Assignment:
The data below contains pictures, which are to be skipped; the lines starting at the line with "Vue depuis l'école" and ending at the line with "Un portrait de" are to be output exactly, both ends included.

Record set:
»»

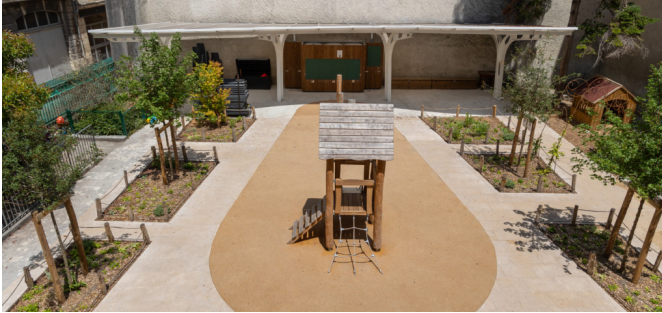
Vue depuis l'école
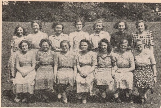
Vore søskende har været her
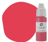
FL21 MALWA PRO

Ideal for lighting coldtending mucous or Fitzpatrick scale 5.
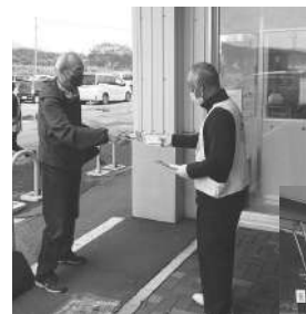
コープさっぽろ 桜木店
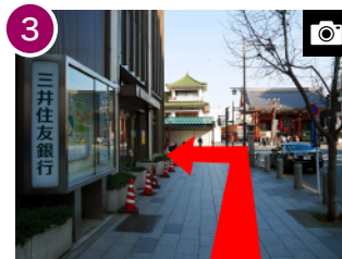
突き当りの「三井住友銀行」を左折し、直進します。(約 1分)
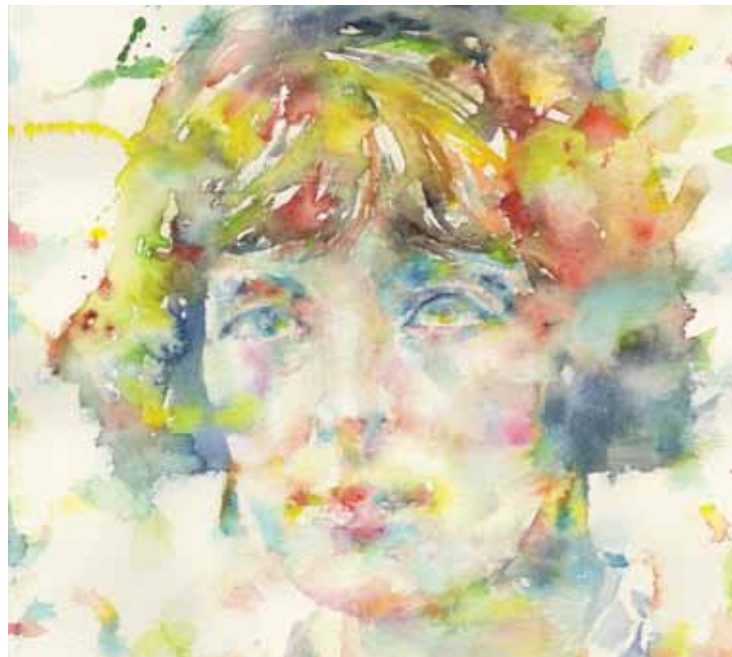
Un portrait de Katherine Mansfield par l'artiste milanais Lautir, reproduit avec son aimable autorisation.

««
»»

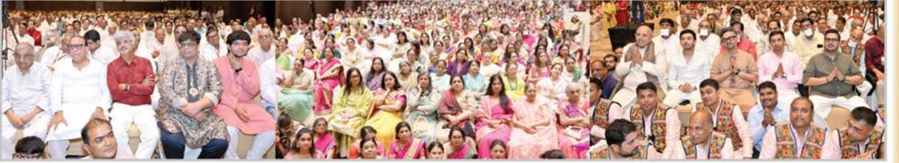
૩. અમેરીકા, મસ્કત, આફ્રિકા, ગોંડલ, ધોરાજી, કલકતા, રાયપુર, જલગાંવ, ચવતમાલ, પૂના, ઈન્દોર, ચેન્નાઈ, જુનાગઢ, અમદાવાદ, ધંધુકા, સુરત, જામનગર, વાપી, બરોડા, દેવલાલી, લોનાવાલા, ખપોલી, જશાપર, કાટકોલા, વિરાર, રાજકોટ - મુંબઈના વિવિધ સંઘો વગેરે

««
»»

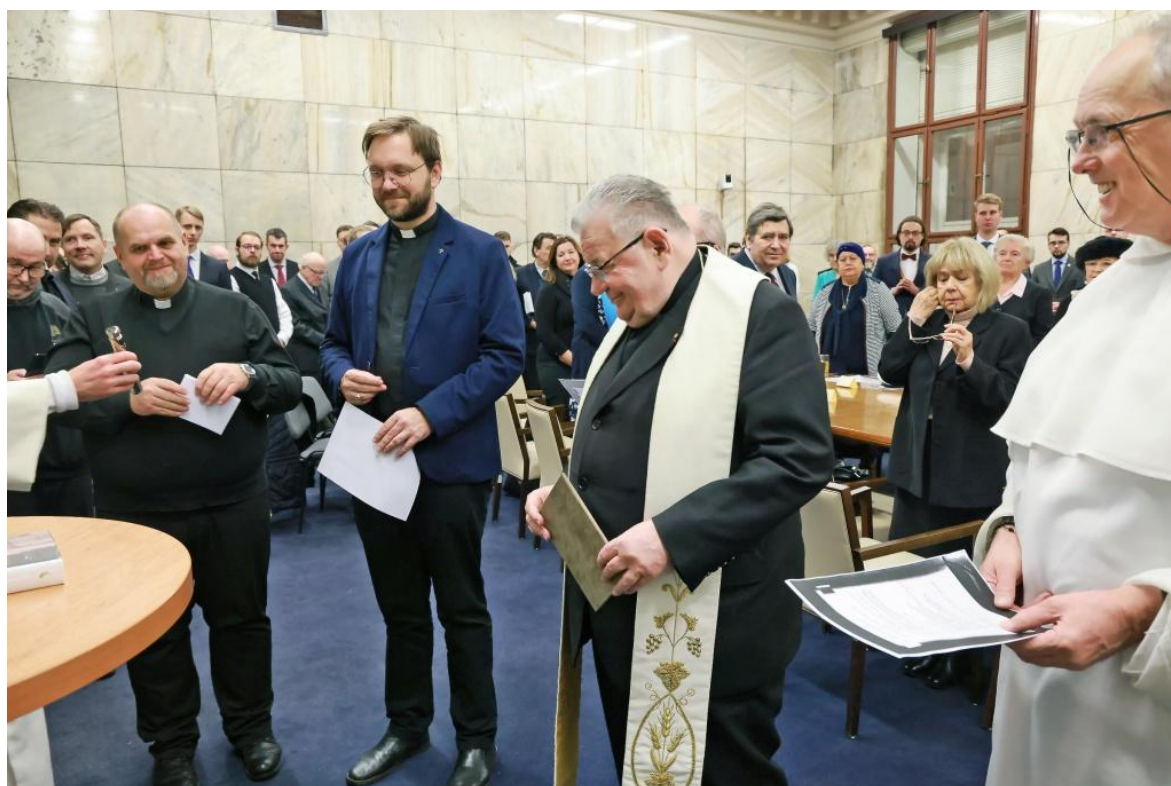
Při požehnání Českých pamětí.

««

Response below:
Vue depuis l'école
Vore søskende har været her
FL21 MALWA PRO

Ideal for lighting coldtending mucous or Fitzpatrick scale 5.
コープさっぽろ 桜木店
突き当りの「三井住友銀行」を左折し、直進します。(約 1分)
Un portrait de Katherine Mansfield par l'artiste milanais Lautir, reproduit avec son aimable autorisation.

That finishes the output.